Margin Call is a deliberately claustrophobic look at the hours preceding the economic meltdown at one Wall Street firm.

In a business where the two things guaranteed to adorn an executive's desk are a photo of the family he never sees, and a bottle of Pepto Bismol, we watch as the investment firm culls 80 per cent of its work force in one day. After enduring the indignity of being fired in a fishbowl office, Eric (Stanley Tucci) is further shamed by being escorted out of the building after 19 years of service. It's a long, painfully quiet march out to the elevator.

Eric does a last-minute hand-off out the elevator door, passing a flash drive to an entrylevel analyst with the warning "be careful." Peter (Zachary Quinto) was a rocket scientist at MIT before heading to the firm, and it only takes him a few hours of overtime to fill the gaps in Eric's dismal market projection.

Peter calls his superior, the ice-cold Will Emerson (Paul Bettany), who, in turn, calls his boss, Sam (Kevin Spacey). Sam calls Jared Cohen (Simon Baker, The Mentalist), the 40-year-old who runs the show. But, like those matryoshka dolls, there's always another head popping up: the all-powerful John Tuld (Jeremy Irons) helicopters in for an emergency meeting with the board, including Risk Management analyst Sara Robertson (Demi Moore).

"It's going to get worse before it gets better," says Sam. "Much."

This is an intimate look at men and women standing on the precipice of 2008's financial meltdown, a cataclysm they helped create. Their solution? To keep mum and, before anyone notices unload as much of the product as possible to unwitting investors who will be bankrupted by a single phone call.

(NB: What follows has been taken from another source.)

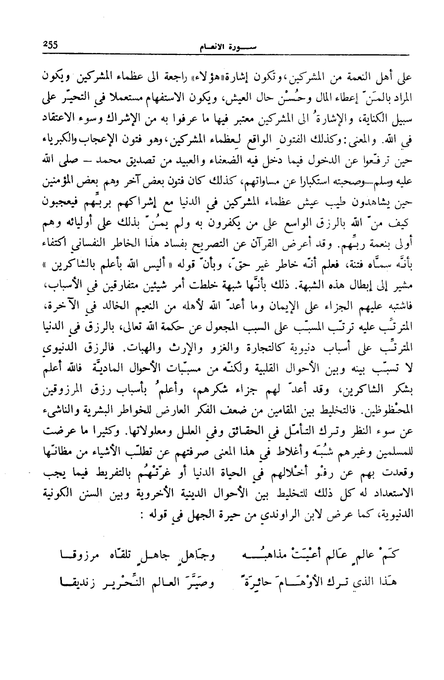 وَفِي الْعِلَلِ وَمَعْلُولَاتِهَا. وَكَثِيرًا مَا عَرَضَتْ لِلْمُسْلِمِينَ وَغَيْرِهِمْ شُبَهٌ وَأَغْلَاطٌ فِي هَذَا الْمَعْنَى صَرَفَتْهُمْ عَنْ تَطَلُّبِ الْأَشْيَاءِ مِنْ مَظَانِّهَا وَقَعَدَتْ بِهِمْ عَنْ رَفْوِ أَخَلَّالِهِمْ فِي الْحَيَاةِ الدُّنْيَا أَوْ غَرَّتْهُمْ بِالتَّفْرِيطِ فِيمَا يَجِبُ الِاسْتِعْدَادُ لَهُ كُلُّ ذَلِكَ لِلتَّخْلِيطِ بَيْنَ الْأَحْوَالِ الدِّينِيَّةِ الْأُخْرَوِيَّةِ وَبَيْنَ السُّنَنِ الْكَوْنِيَّةِ الدُّنْيَوِيَّةِ، كَمَا عَرَضَ لِابْنِ الرَّاوَنْدِيِّ مِنْ حَيْرَةِ الْجَهْلِ فِي قَوْلِهِ:

"If you do this, you're killing the market for years and you're selling stuff you know to be worthless," says Sam, the only one who seems to have a conscience under all that slick. "No one will ever trust you again, you're knowingly putting people out of business," he says during his rationale to John. "It's just money, it's made up," John replies coolly, while tearing into a steak dinner.

You don't need to understand the numbers to understand the urgency. Margin Call does a great job of condensing the crisis into the microcosm of one office, during one 24-hour period. A smart script by first-time director J.C. Chandor avoids outright villainy, with characters caught up in an unprecedented moral quagmire. Excellent performances all 'round.

"Look at these people, wandering around with no idea what's about to happen to them," says 23-year-old trader Seth (Penn Badgley). It's funny until you realize that those people are us.